Claudette BECKFORD, appellant, v. PANTRESSE, INC., respondent, et al., defendants.

Decided: May 27, 2008

REINALDO E. RIVERA, J.P., JOSEPH COVELLO, DANIEL D. ANGIOLILLO, and WILLIAM E. McCARTHY, JJ. Stewart Law Firm, LLP, Rosedale, N.Y. (Nadira S. Stewart, Charmaine M. Stewart, and Mama S. Diouf of counsel), for appellant. Connors & Connors, P.C., Staten Island, N.Y. (Robert J. Pfuhler of counsel), for respondent.

In an action to recover damages for personal injuries, the plaintiff appeals from an order of the Supreme Court, Queens County (Weiss, J.), dated December 1, 2006, which granted the motion of the defendant Pantresse, Inc., for summary judgment dismissing the complaint insofar as asserted against it.

ORDERED that the order is affirmed, with costs.

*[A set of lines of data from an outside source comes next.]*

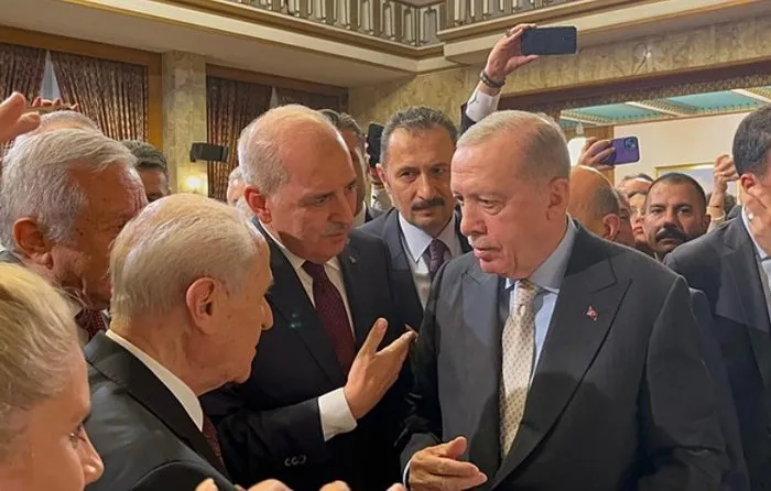 Burada Erdoğan, TBMM Başkanı Numan Kurtulmuş, MHP Lideri Devlet Bahçeli, BBP Genel Başkanı Mustafa Destici ve HÜDA-PAR Genel Başkanı Zekeriya Yapıcıoğlu ile bir araya geldi.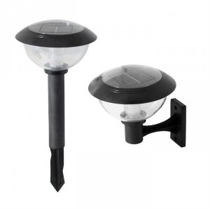 #2 bornes solaires murales et sol Matériaux : PlastiqueUtilisation : Extérieur Alimentation SolaireType d'ampoule : LED 2 Positions (mur et sol), livré avec coude mural Hauteur sol 44 cm, Ø 16 cm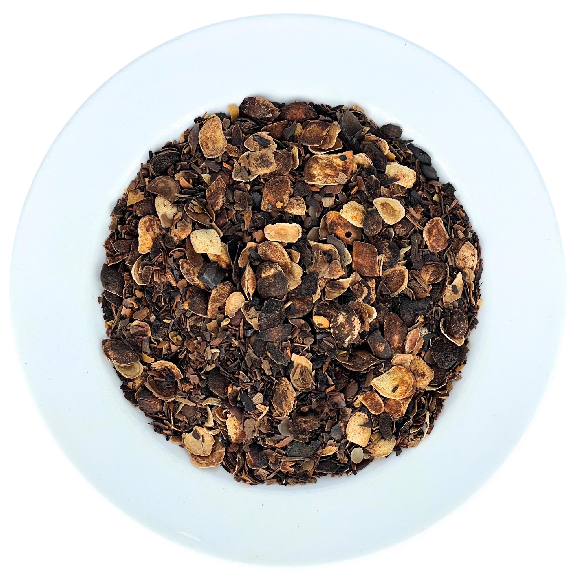 Dried mesquite roasted at high temperature reveals natural oils of coffee and vanilla flavour, this is perfect for natural sweet and citrus notes of ultimate quality rooibos! Bright flavours with great radiance of flavour and aroma.

 The Supreme Court properly granted the motion of the defendant Pantresse, Inc. (hereinafter Pantresse), for summary judgment dismissing the complaint insofar as asserted against it.   Whether the action is pleaded in strict products liability, breach of warranty, or negligence, the consumer has the burden of showing that a defect in the product was a substantial factor in causing the injury (see Clarke v. Helene Curtis, Inc., 293 A.D.2d 701, 742 N.Y.S.2d 325;  Tardella v. RJR Nabisco, 178 A.D.2d 737, 576 N.Y.S.2d 965) and “proof of mere injury furnishes no rational basis for inferring that the product was defective for its intended use ․ The plaintiff must demonstrate, at a minimum, that her [or his] injuries are the direct result of the [product] applied ․ and that [the product is] the sole possible cause of those injuries” (Clarke v. Helene Curtis, Inc., 293 A.D.2d 701, 701-702, 742 N.Y.S.2d 325 [citations omitted] ).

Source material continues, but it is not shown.